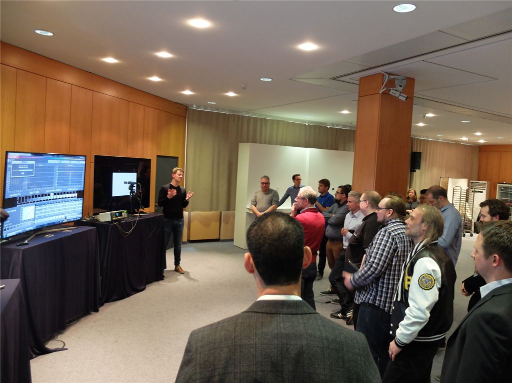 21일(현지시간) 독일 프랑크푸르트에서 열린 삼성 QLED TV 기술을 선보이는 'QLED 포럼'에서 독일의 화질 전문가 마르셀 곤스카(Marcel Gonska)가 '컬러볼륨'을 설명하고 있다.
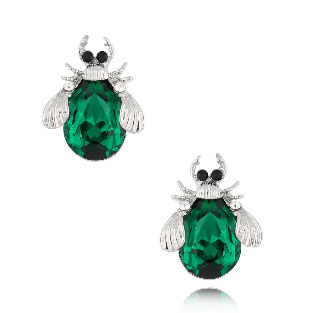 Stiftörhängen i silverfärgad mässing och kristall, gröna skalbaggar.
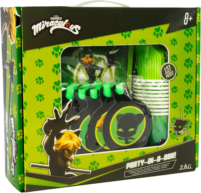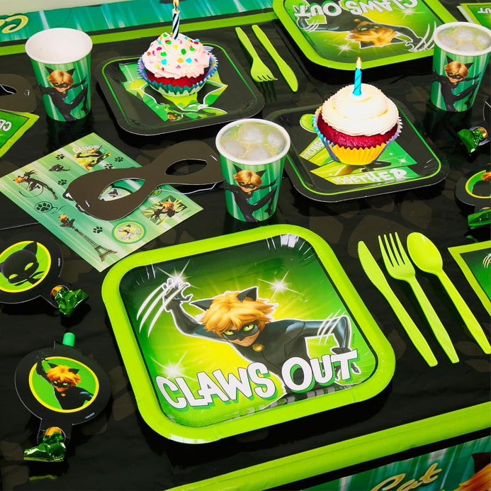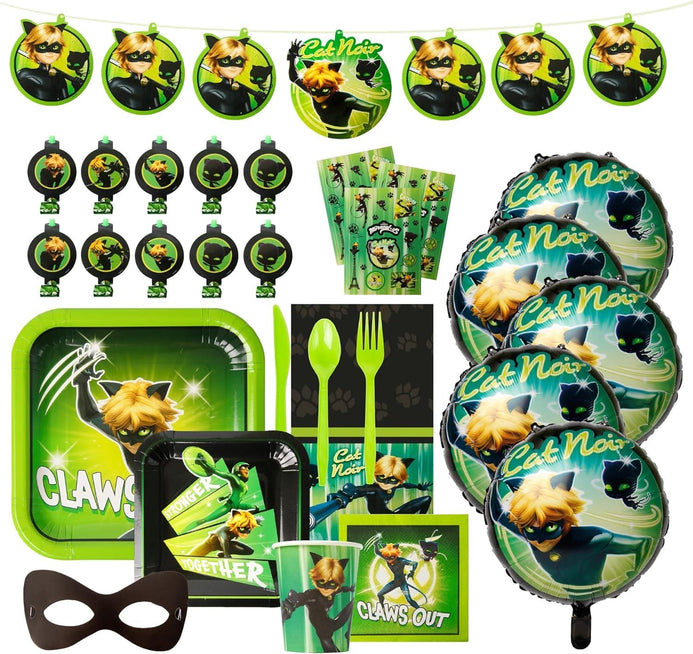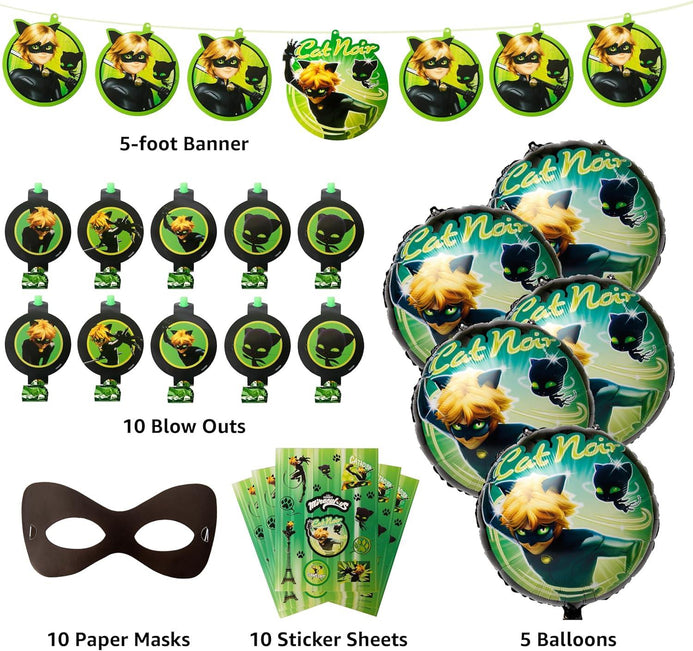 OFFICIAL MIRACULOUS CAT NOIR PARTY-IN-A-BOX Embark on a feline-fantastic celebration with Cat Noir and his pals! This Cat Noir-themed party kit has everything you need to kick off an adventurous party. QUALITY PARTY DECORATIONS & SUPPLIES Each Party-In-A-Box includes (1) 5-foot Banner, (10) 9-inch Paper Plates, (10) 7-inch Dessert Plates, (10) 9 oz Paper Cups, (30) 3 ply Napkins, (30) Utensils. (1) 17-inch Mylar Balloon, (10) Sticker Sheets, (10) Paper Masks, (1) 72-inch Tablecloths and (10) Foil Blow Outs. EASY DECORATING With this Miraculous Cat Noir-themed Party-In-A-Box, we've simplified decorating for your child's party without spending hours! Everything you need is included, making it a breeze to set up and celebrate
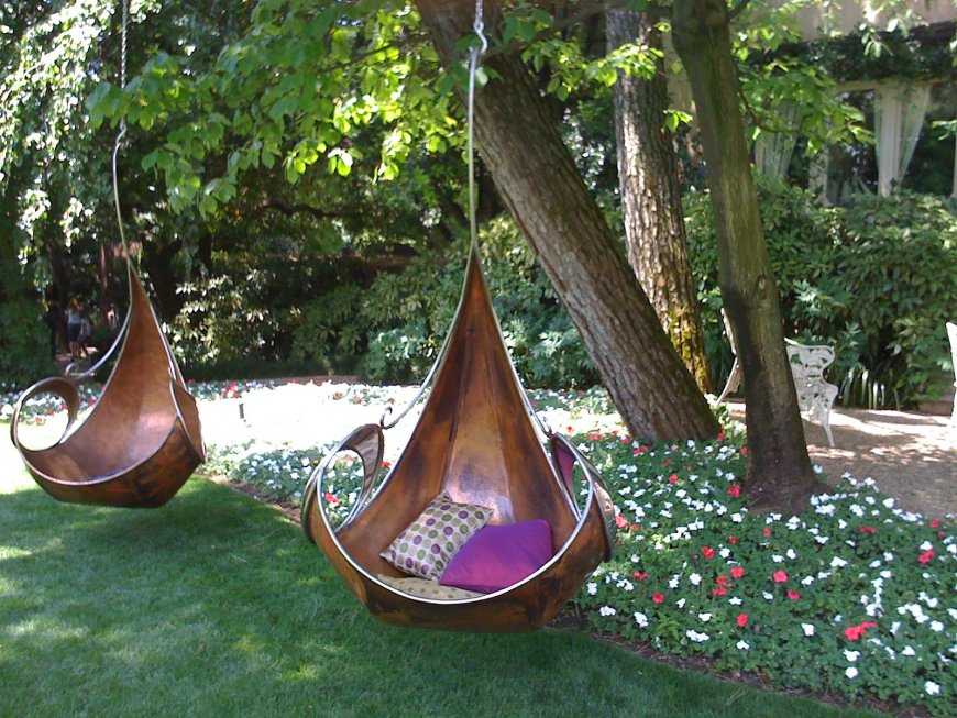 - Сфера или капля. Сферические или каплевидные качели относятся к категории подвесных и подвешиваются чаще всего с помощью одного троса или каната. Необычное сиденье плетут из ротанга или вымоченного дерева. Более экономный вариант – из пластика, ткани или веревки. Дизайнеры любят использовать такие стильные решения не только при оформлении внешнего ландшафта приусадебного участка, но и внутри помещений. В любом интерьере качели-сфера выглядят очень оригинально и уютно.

____________________

# WORK REQUIRED:
Repeat the listing exactly, minus its pictures.

# FINAL ANSWER:
 21일(현지시간) 독일 프랑크푸르트에서 열린 삼성 QLED TV 기술을 선보이는 'QLED 포럼'에서 독일의 화질 전문가 마르셀 곤스카(Marcel Gonska)가 '컬러볼륨'을 설명하고 있다.
 Stiftörhängen i silverfärgad mässing och kristall, gröna skalbaggar.
 OFFICIAL MIRACULOUS CAT NOIR PARTY-IN-A-BOX Embark on a feline-fantastic celebration with Cat Noir and his pals! This Cat Noir-themed party kit has everything you need to kick off an adventurous party. QUALITY PARTY DECORATIONS & SUPPLIES Each Party-In-A-Box includes (1) 5-foot Banner, (10) 9-inch Paper Plates, (10) 7-inch Dessert Plates, (10) 9 oz Paper Cups, (30) 3 ply Napkins, (30) Utensils. (1) 17-inch Mylar Balloon, (10) Sticker Sheets, (10) Paper Masks, (1) 72-inch Tablecloths and (10) Foil Blow Outs. EASY DECORATING With this Miraculous Cat Noir-themed Party-In-A-Box, we've simplified decorating for your child's party without spending hours! Everything you need is included, making it a breeze to set up and celebrate
 - Сфера или капля. Сферические или каплевидные качели относятся к категории подвесных и подвешиваются чаще всего с помощью одного троса или каната. Необычное сиденье плетут из ротанга или вымоченного дерева. Более экономный вариант – из пластика, ткани или веревки. Дизайнеры любят использовать такие стильные решения не только при оформлении внешнего ландшафта приусадебного участка, но и внутри помещений. В любом интерьере качели-сфера выглядят очень оригинально и уютно.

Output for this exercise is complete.